Тут барышнин змей зашипел на Кнопфа.
«Это непременно они вам подбросили», – сказал Кнопф. – «Я эту сучью породу знаю».
«Ужик», – сказала Манечка. – «Хороший ужик. Если бы я знала, мальчик он или девочка, я бы его назвала».
Я велел выйти Кнопфу и попробовал поднять Машу. Она взглянула на меня жалобно. «Александр Васильевич, ох, Александр Васильевич…»
«Вас обижали, Машенька?» «Если вы про то самое, то нет. Но они кормили меня овсянкой. Я думала – умру». У Манечки полились слезы. «Я дрянь, – сказала она, – Презирайте меня, если хотите. Я все рассказала им. Все-все. Про детей, про вашего отца».

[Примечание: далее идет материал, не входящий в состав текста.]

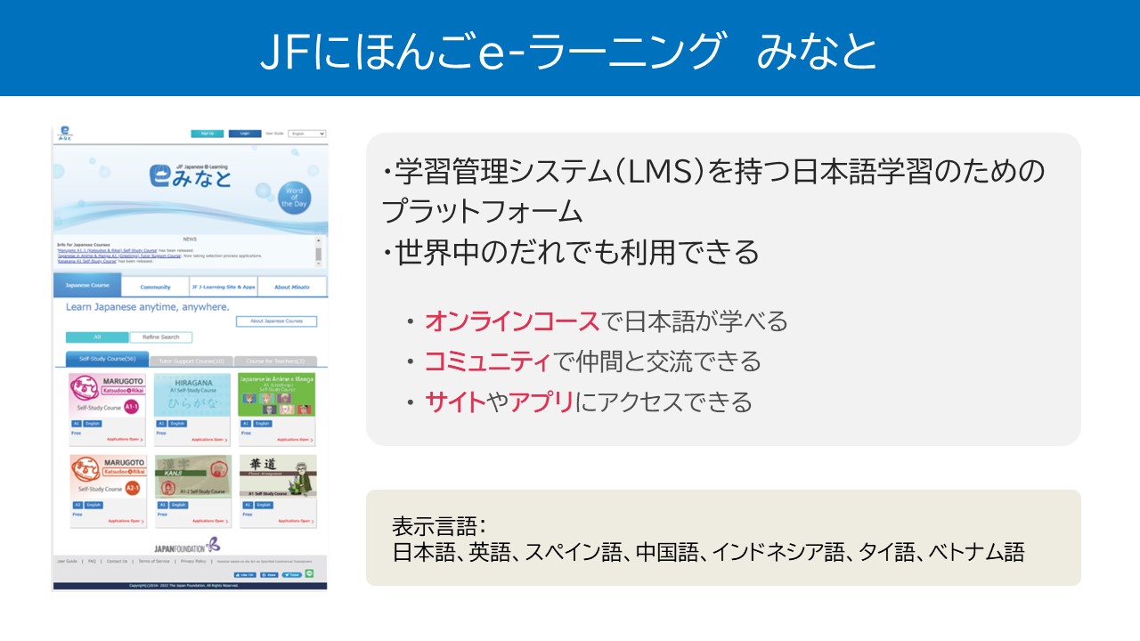 - ますます発展中!「JFにほんごeラーニング みなと」
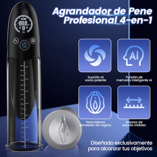 BathFun - Bomba de Pene Profesional Potente Vacío Totalmente Impermeable Función de Entrenamiento Inteligente

Манечка выплакалась, мы прошли в большую комнату. «Смотри, – сказал Кнопф. – А этот твой у двери так и стоит, чтобы я не убежал. Вот гусь!»
Я махнул Кнопфу, чтобы он выкатывался на кухню, и он, слава Богу, понял. Машенька все еще не могла идти, и я стал рассказывать о нашем житье у Ваттонена. Нет, нет, моя девочка слушала меня, но не те слова, что я шептал ей, а то беззвучное, что происходило в ней в ответ на мои слова. Потом она обняла меня и сквозь запах табаку (в квартире было страшно накурено) пробился тонкий аромат ее кожи.
«Манечка, – шепнул я ей, – вообразите: там у Ваттонена я сочинил пьесу, а дети сыграли ее. И Кнопф, вы только представьте себе, играл царя Ирода». И тут Маша зарыдала в голос. Она плакала так, будто пришло горе, которого нам с нею хватит до конца жизни. Я однажды видел, как плачут, упав на гроб, Манечка плакала так же, только у нее не было и гроба – и руки, и плечи рушились в темноту. А прислониться ко мне она не хотела. Наум выдвинулся из прихожей, стоял на пороге и смотрел испуганно.
Манечка перестала плакать разом, без прерывистых вздохов и всхлипываний. Она подняла глубоко запавшие, в темных кругах глаза и голосом тихим и уверенным сказала, что не любит меня теперь, а может, и вовсе никогда не любила. Я как-то по-подлому засуетился; то схватывал Манечку за плечи, то пытался поцеловать. Она не отстранялась, просто сидела прямая, как доска, и я ничего не мог поделать.